**GIVEN DATA:**

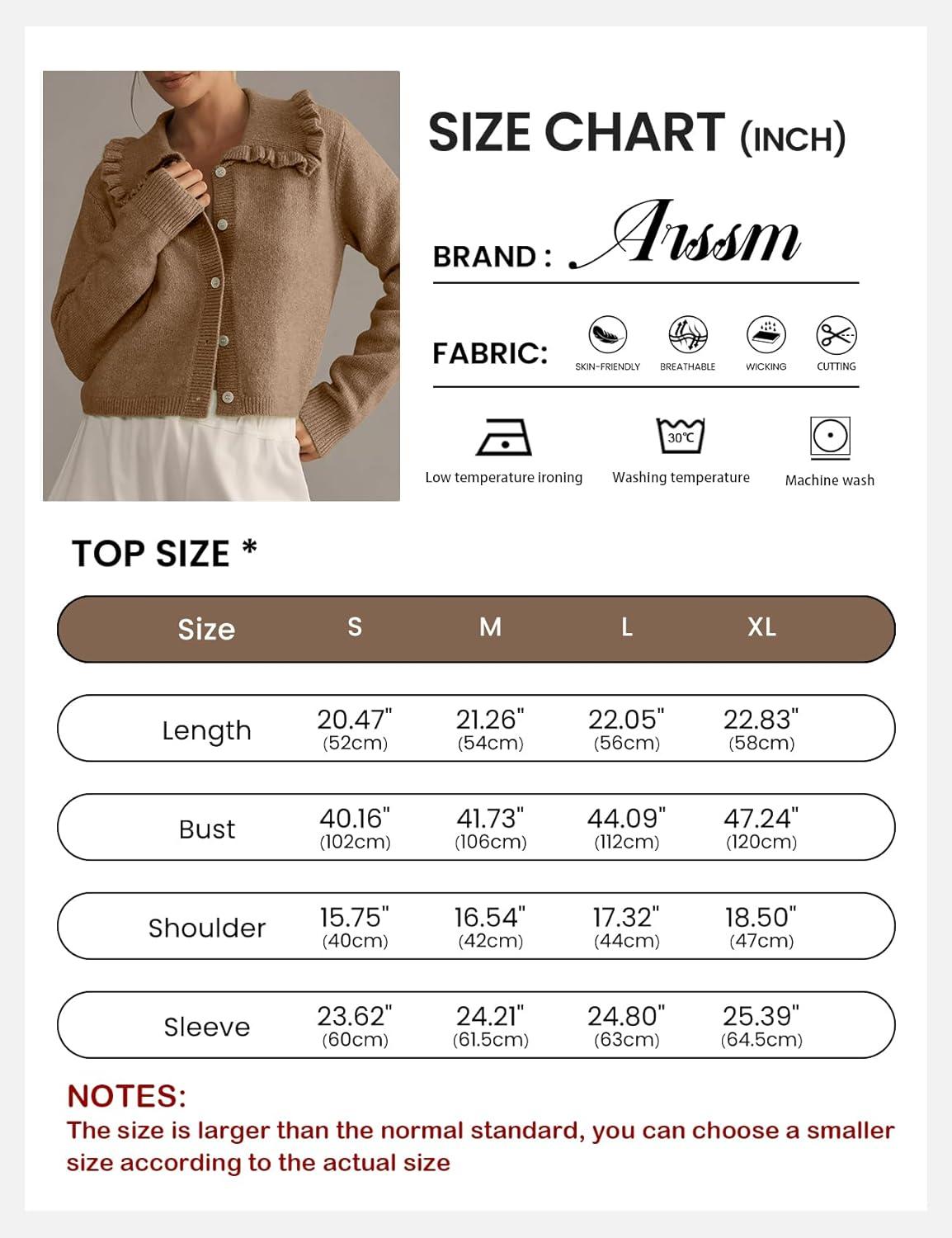 Be the first to review “Arssm Womens Ruffle Collar Cardigan Cropped Button Down Open Front Sweaters Knitted Long Sleeve Fall 2025 Elegant Outwear(Brown)”
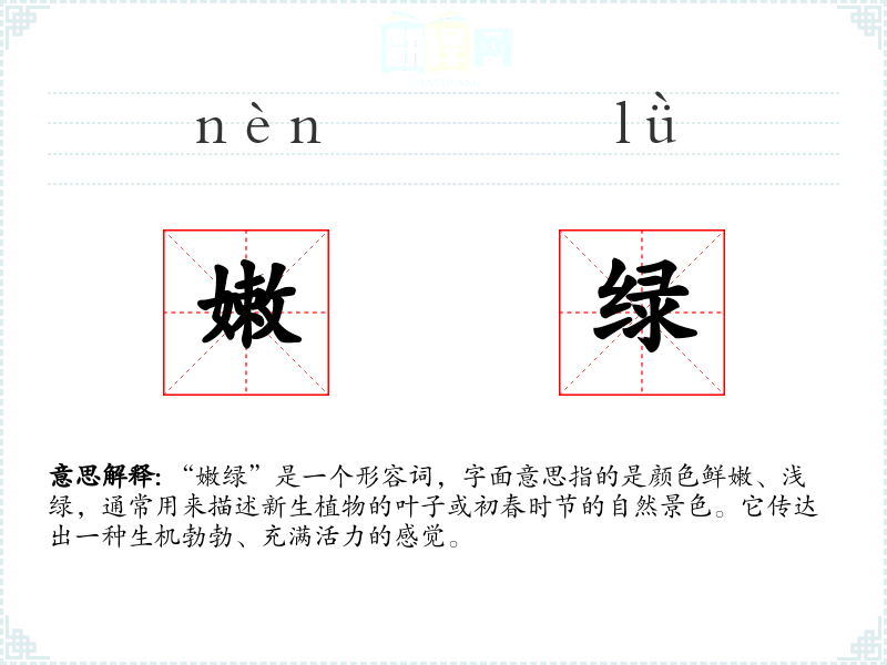 “嫩绿”是一个形容词,字面意思指的是颜色鲜嫩、浅绿,通常用来描述新生植物的叶子或初春时节的自然景色。它传达出一种生机勃勃、充满活力的感觉。
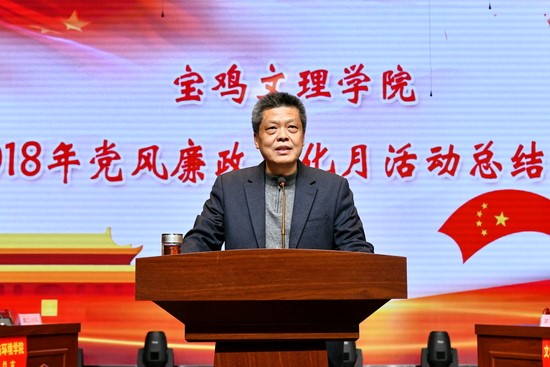 段恒春在总结讲话中指出,加强党风廉政文化建设是新时代落实全面从严治党新要求的基本内容,开展我校首届“党风廉政文化月”系列活动,旨在进一步加强党员领导干部政治思想修养,牢固树立廉洁自律意识,强化不想腐的自觉,从源头上预防腐败现象的发生,着力推进党员干部在思想观念上“更新换代”,能力素质上“升级换挡”,工作方式上“提质增效”,形成崇尚廉洁、健康向上的校园文化氛围。 他就今后进一步强化党风廉政文化建设提出了四点要求:一要进一步完善领导体制和工作机制,把廉政文化宣传教育工作纳入党风廉政建设责任制当中;二要加强廉政廉洁教育的针对性和实效性;三要坚持廉政文化建设与校园文化建设相结合;四要不断创新工作方式方法,进一步加强廉政文化建设再上台阶。

**YOUR TASK:**
Leaving out all pictures, transcribe the listing exactly.

**ANSWER FOR THE TASK:**
 Be the first to review “Arssm Womens Ruffle Collar Cardigan Cropped Button Down Open Front Sweaters Knitted Long Sleeve Fall 2025 Elegant Outwear(Brown)”
 “嫩绿”是一个形容词,字面意思指的是颜色鲜嫩、浅绿,通常用来描述新生植物的叶子或初春时节的自然景色。它传达出一种生机勃勃、充满活力的感觉。
 段恒春在总结讲话中指出,加强党风廉政文化建设是新时代落实全面从严治党新要求的基本内容,开展我校首届“党风廉政文化月”系列活动,旨在进一步加强党员领导干部政治思想修养,牢固树立廉洁自律意识,强化不想腐的自觉,从源头上预防腐败现象的发生,着力推进党员干部在思想观念上“更新换代”,能力素质上“升级换挡”,工作方式上“提质增效”,形成崇尚廉洁、健康向上的校园文化氛围。 他就今后进一步强化党风廉政文化建设提出了四点要求:一要进一步完善领导体制和工作机制,把廉政文化宣传教育工作纳入党风廉政建设责任制当中;二要加强廉政廉洁教育的针对性和实效性;三要坚持廉政文化建设与校园文化建设相结合;四要不断创新工作方式方法,进一步加强廉政文化建设再上台阶。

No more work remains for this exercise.